File Formats - NBISweden/workshop-genome_assembly GitHub Wiki
Fastq format is a common format to store sequencing data along with quality information. Each sequence record
spans four lines, and a Fastq file can contain from millions to billions of sequence records. The first line
of the sequence record is the header line. This starts with an @
symbol followed by a unique string that
identifies the record uniquely.
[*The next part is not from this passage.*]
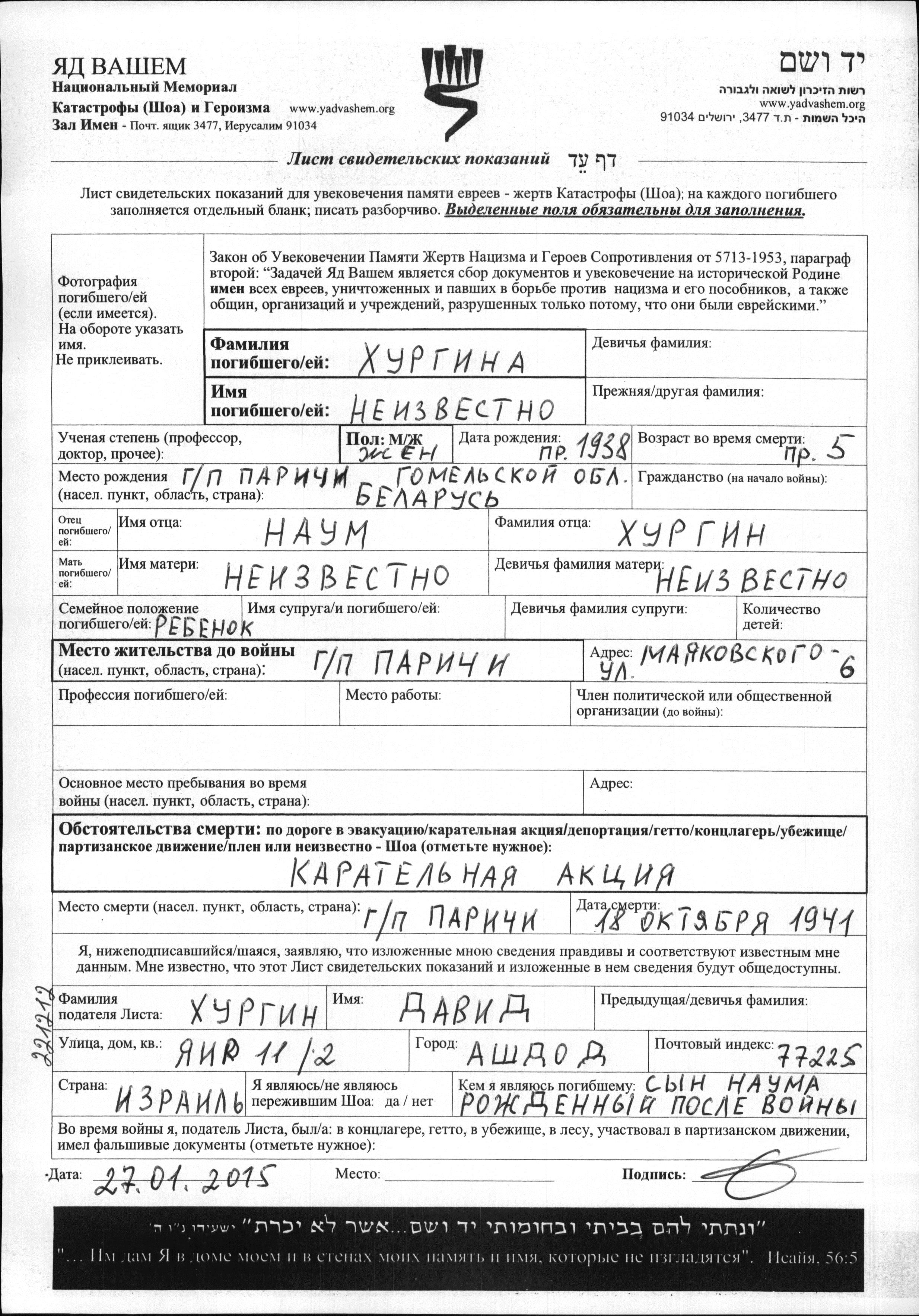 Хургина Имя неизвестно 1938 Паричи, Белоруссия (СССР) Лист свидетельских показаний

The second line contains the sequence. The third line starts with a +
symbol
and optionally contains the unique header string again. The last line is ASCII encoded quality scores, one for each
base. Each symbol encodes a number, the quality score, which translates into a scaled probability score that is the
likelihood of that base being incorrect. Quality scores are generally expected by most tools to be Phred scaled, however
older formats have used other quality score value ranges.
For paired data, sequences can be either interleaved (read2 follows read1), or in separate files. If the read1 and read2 are in separate files, then the sequence records are expected to be in the same order within both files.
@sequence_specific_information
ACGTACGTACGTACGTACGTACGTACGTACGT
+
!"#$%&'()*+,-./0123456789:;<=>?@
Possible problems:
- Unexpected quality score encoding.
- Empty sequence.
- Varying sequence length for fixed length sequencing (prior processing).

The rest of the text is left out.